We work on the generation of synthetic datasets through simulation. Our systems are able to generate near-infinite permutations of complex, domain-specific, 3D environments. Within these environments, we can simulate a range of sensors, from standard RGB cameras to lidar, depth sensors, ultrasound, radar and more.
The known ground truth of the system, allows for highly consistent, rich annotation. This exciting approach opens new paths to machine learning where a lack of the right data is currently limiting.
why synthetic data?
- The ability to generate highly specific data at scale and variation: for example, the simulation of medical imaging techniques in highly controlled permutations of human anatomy or the generation of a range of defects on generated strawberries or CAD models for the industry.
- The ability to generate data before a system is operational. This can enable the training of vision systems for production lines before these are operational or the generation of a range of sensor data through our systems for autonomous robot development.
- Rich labeling: as our 3D environments are defined by our systems, we can annotate any generated feature at will. This can be highly consistent labeling of product quality, the volume of individual beans, perfect segmentation of ultrasound images and much more.
- Full control over datasets: if biases are present in your real-world data, if certain edge cases are underrepresented, synthetic data offers a truly data-centric approach to address these challenges.
How are these datasets generated?
A simulation consists of two main components:
- A definition of the project environment through 3D volumes, meshes and behavioral definitions.
- The simulation of the different sensors inside these 3D environments.
A modular approach to the development of geometry generators and modifiers is key. A parametric interface for each of these modules allows for the controlled generation of near-infinite permutations of geometry, materials and behavior.
A combination of modules can be compiled into a new module with its own high-level interface. A network of these modules can generate complex environments. This architecture allows for a scriptable interface to the simulation and computing farm.
Besides the simulated sensor data, we can use the known ground truth to generate rich labeling. Essential in developing an effective synthetic model:
- Domain knowledge of the project, by us or in cooperation with partners
- A close working loop with the AI team, whether it’s ours or yours
- A solid data validation pipeline
architecture of our simulations.
In the animation below, you find a clear visualization of the architecture of our simulations.
In a data-centric approach, we analyze the quality of the generated data by comparing the synthetic set to a small set of real-world data.
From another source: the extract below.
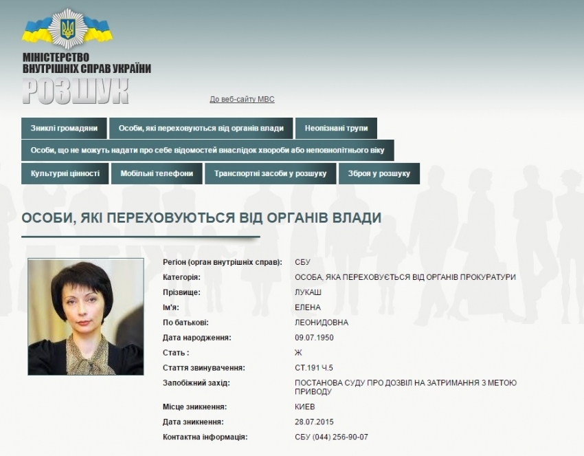 Служба безпеки України оголосила в розшук екс-міністра юстиції України Олену Лукаш.

This comparison is done in a suitable feature space.
Two important concepts to analyze are the fidelity (how much does the synthetic data resemble the real data) and the diversity (does the synthetic data cover all the variation from the real data).
A range of advanced metrics is used to gather actionable intelligence to refine the synthetic model and improve the generated datasets.
our way of working
we offer synthetic data in three different ways.
For all cases, we believe that close, iterative cooperation between the Al teams and the synthetic data team is key.
• as part of a larger Demcon high-tech or medical system- or product development
• as part of a vision or Al project
• or as a stand-alone service.
In the first phase of a typical project, we focus on reducing the domain gap between our simulation and a small set of real-world data if available. In the subsequent phase, we expand the simulation to cover the project domain.